What separates these women’s speeches from those we’ve heard a thousand times before, however, isn’t merely that they’re coming from elected Republican women, although that’s part of it. I confess that I can’t remember the last time I’ve heard this rhetoric from that source. But what’s really significant to me is that both these legislators crafted their arguments by appealing to beliefs the GOP purports to value: small government and individual responsibility. It’s an argument that’s needed to be made, in the same way that Ted Olson’s persuasiveness, not simply as a very good lawyer, but indeed as a Republican has been instrumental in overturning DADT.
What’s more, they succeeded, in an overwhelmingly Republican state with a legislature to match, in defeating Brechtel’s bill. He has re-introduced it, but in a watered-down form, devoid of the most invasive provisions. It will probably pass, the same way the Patriot Act will almost certainly be rammed through Congress by a coalition of bigots, faux law-and-order types, and Big Government megalomaniacs of both parties. But—and, unfortunately this counts as a win in today’s political climate—it won’t be as bad as it might have been.
But these stories, even if they represent only a delay or a slight dilution of horrible legislation, do have meaning. They remind us that the Republican Party is every bit as “Big Government” as their Democratic counterparts—they just want a different big government. Don’t hold your breath to see anything that looks like a real balanced budget coming from these guys: there will be cuts to education, to the arts, the PBS/NPR, to financial aid, to salaries for state, federal and local employees like cops and teachers (and university professors), possibly even to Social Security. But don’t expect that totally useless missile system to get scaled back, or that modest tax increase on the ridiculously wealthy to levels still lower than during the Reagan administration to be enacted. Don’t think the GOP will pass on an opportunity to spy on you without any real reason, to criminalize your sexuality, or to deny your right to worship as you please unless you thump the Bible with both hands.

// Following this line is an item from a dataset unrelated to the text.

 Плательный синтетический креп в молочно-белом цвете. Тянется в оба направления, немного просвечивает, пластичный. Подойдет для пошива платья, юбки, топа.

Some six years ago, when Samuel Alito had just been confirmed as a Supreme Court Justice, I wrote in my old blog that “it's just possible that Mr. Alito is in fact a jurist of ‘steady demeanor, careful judgment and complete integrity,’ just as President Bush described him. Wouldn't that spoil Bush's day!” I’m having another of those moments today. I think there are more legitimate uses of government than true libertarians do, but their position is at least logically and ethically consistent.

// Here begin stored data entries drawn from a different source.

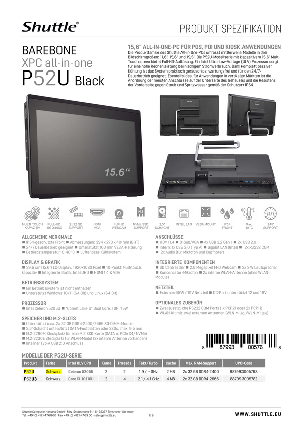 Shuttle Barebone P52U 39.6 cm (15.6 cal) Full HD Intel® Celeron® 5205U 1.9 GHz Intel Grafika UHD FreeDOS P52U
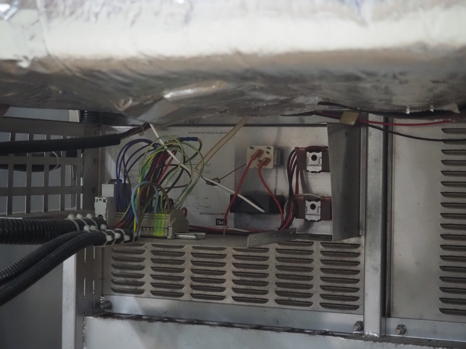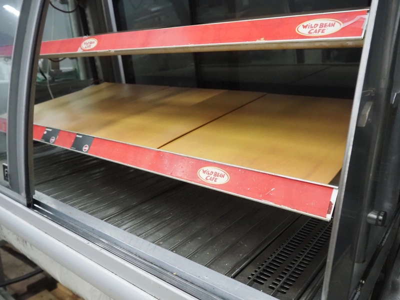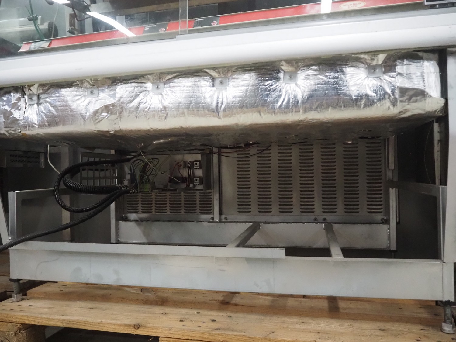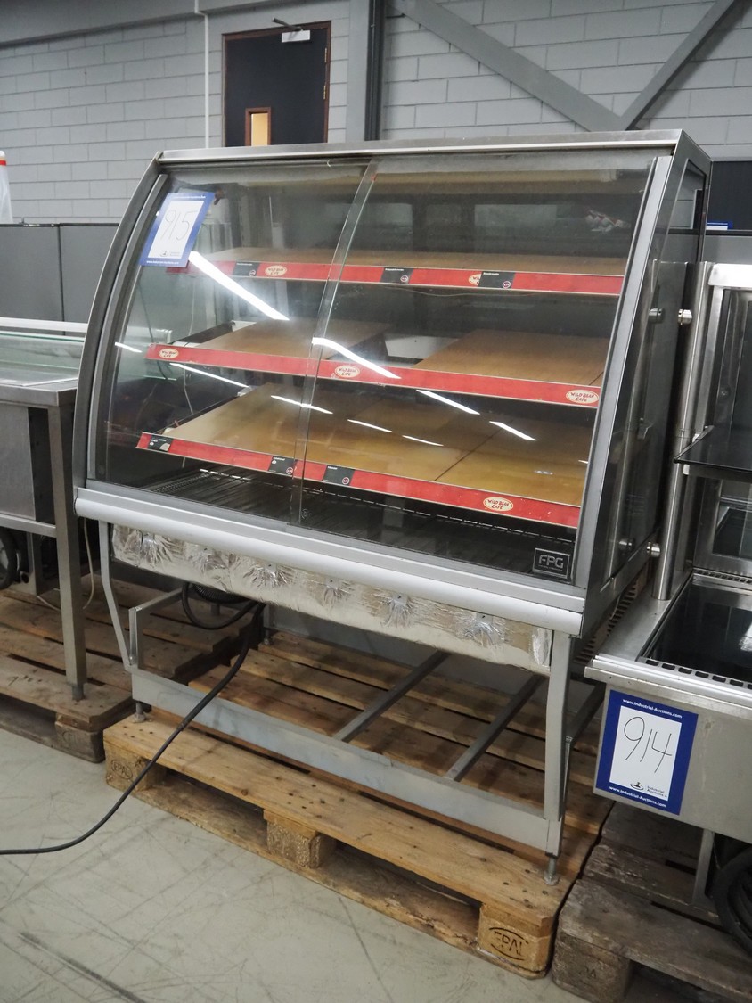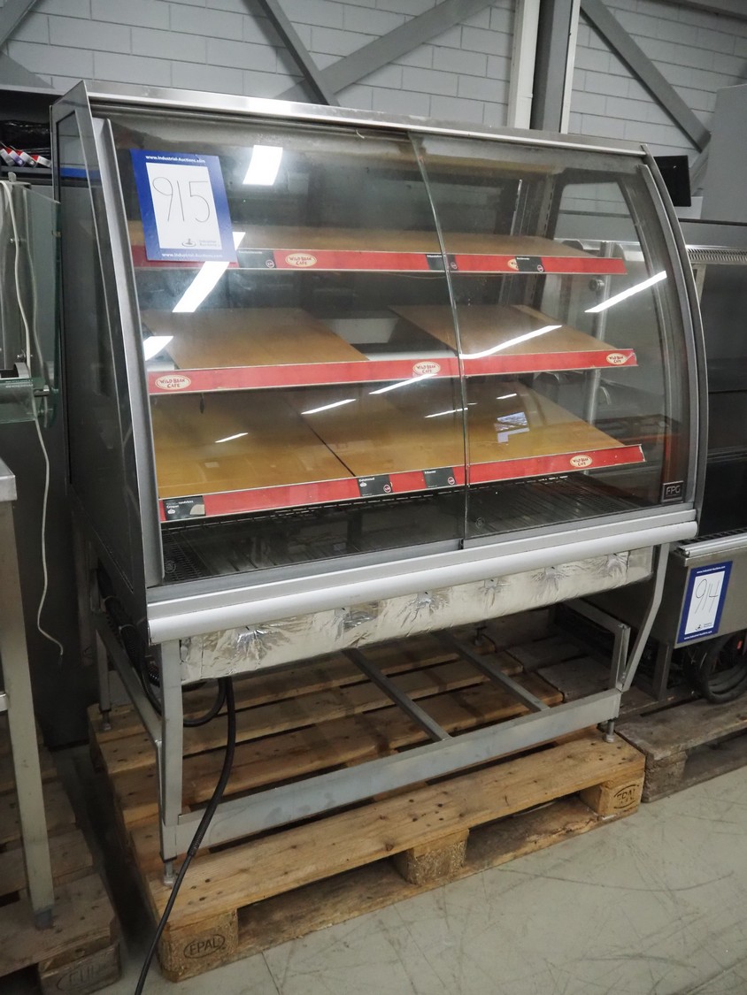 FPG World refrigerated showcase, dimensions: 1200 mm x 760 mm x 1430 mm. Incomplete, missing cooling compressor.
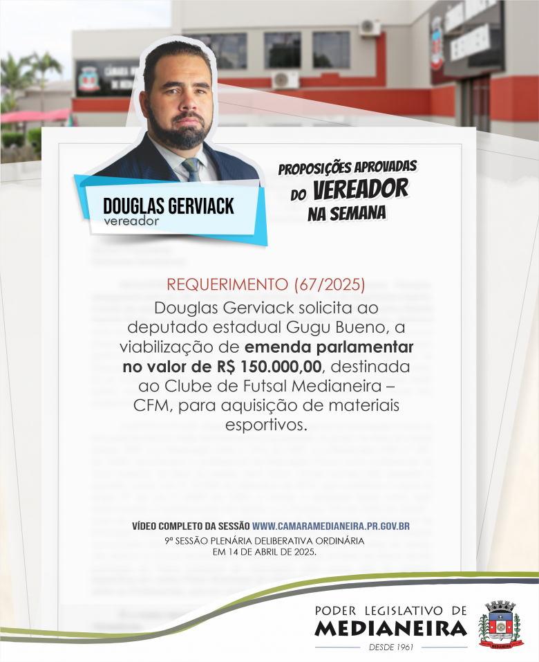O vereador Douglas Gerviack solicita ao deputado estadual Gugu Bueno, a viabilização de R$ 150.000,00, destinada ao Clube de Futsal Medianeira, para aquisição de materiais esportivos.
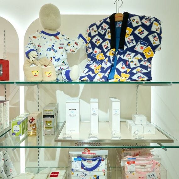 同リゾートを訪れる国内外の客に向け、高付加価値商品を販売する。最上級の素材と日本の技術にこだわった、最高級ライン「ミキハウスゴールドレーベル」を扱う。ホワイトグースダウンを使ったダウンジャケットや、ベビーカシミヤのニット帽、海島綿のパジャマや肌着など。人気のベビーシューズ売り場も設けた。スキンケア商品のほか、甚平や日本製のおもちゃ、雑貨などお土産需要を想定した商品も揃える。

GOP leaders from Reagan to Bush to Boehner and McConnell, however, see small government as more of a bumper sticker than a philosophy (to be fair, it’s a better slogan than “Tax Breaks for Millionaires and Spies in Your Bedroom”). Whether the true small government advocates on the right will be willing to join forces with civil libertarians on the left on an ongoing basis remains to be seen. But, given the policy disputes that might be affected by such an alliance—abortion rights restrictions, gay marriage, the continuing saga of DADT—the old adage that “politics makes strange bedfellows” has never seemed more apt.